И действительно, ценою бесконечных усилий Калеб ухитрился кормить и поить своего господина и его гостя в течение нескольких дней; угощение, правда, не отличалось великолепием, но Рэвенсвуд и его гость не были слишком требовательны, а мнимые промахи Калеба, его извинения, уловки и хитрости даже забавляли их, скрашивая скудные обеды, которые к тому же не всегда подавались вовремя. Молодые люди были рады любой возможности повеселиться и хоть как-нибудь убить томительно тянущееся время.

Вынужденный скрываться в замке и лишенный поэтому своих обычных занятий – охоты и веселых попоек, Бакло сделался угрюм и молчалив. Когда Рэвенсвуду надоедало фехтовать или играть с ним в мяч, Бакло отправлялся на конюшню, чистил своего скакуна, наводя глянец то щеткой, то скребницей, то специальной волосяной тряпкой, задавал ему корму и, наблюдая, как конь опускался на подстилку, чуть ли не с завистью смотрел на бессловесное животное, по-видимому вполне довольное такой однообразной жизнью.

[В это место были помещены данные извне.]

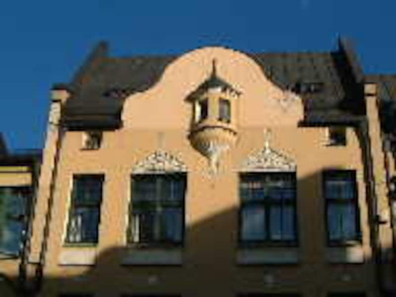 19世紀から20世紀にかけて、サーリネンといった建築家たちがヘルシンキの街をプランニング、そして造り上げました。けれど、建築という分野では、もうひとつの流れがあったのです。「建設工匠」といわれる職人たちは、ヘルシンキ中心部から離れた住宅地で、中産階級のための都市型住宅を量産しました。現在もほぼ、当時もままに残されている地区がいくつかあります。そんな住宅街を歩くと、ちょっとぶきっちょな、素朴で微笑ましいデザインが多く見ることができます。

«Глупая скотина не вспоминает ни о скачках, ни об охоте, ни о зеленом пастбище в поместье Бакло, – говорил он про себя. – Ее держат на привязи у кормушки в этом развалившемся склепе, и она так же счастлива, как будто родилась здесь; а я пользуюсь всей свободой, какая только доступна узнику, – могу бродить по всем закоулкам этой злосчастной башни – и не знаю, как дотянуть время до обеда».

В таком грустном расположении духа Бакло направлял свои стопы в одну из сторожевых башенок или к крепостным стенам замка и подолгу смотрел на поросшую вереском равнину или швырял камушками да обломками известки в бакланов и чаек, имевших неосторожность расположиться поблизости от молодого человека, не знающего, чем себя занять.

Загрузка...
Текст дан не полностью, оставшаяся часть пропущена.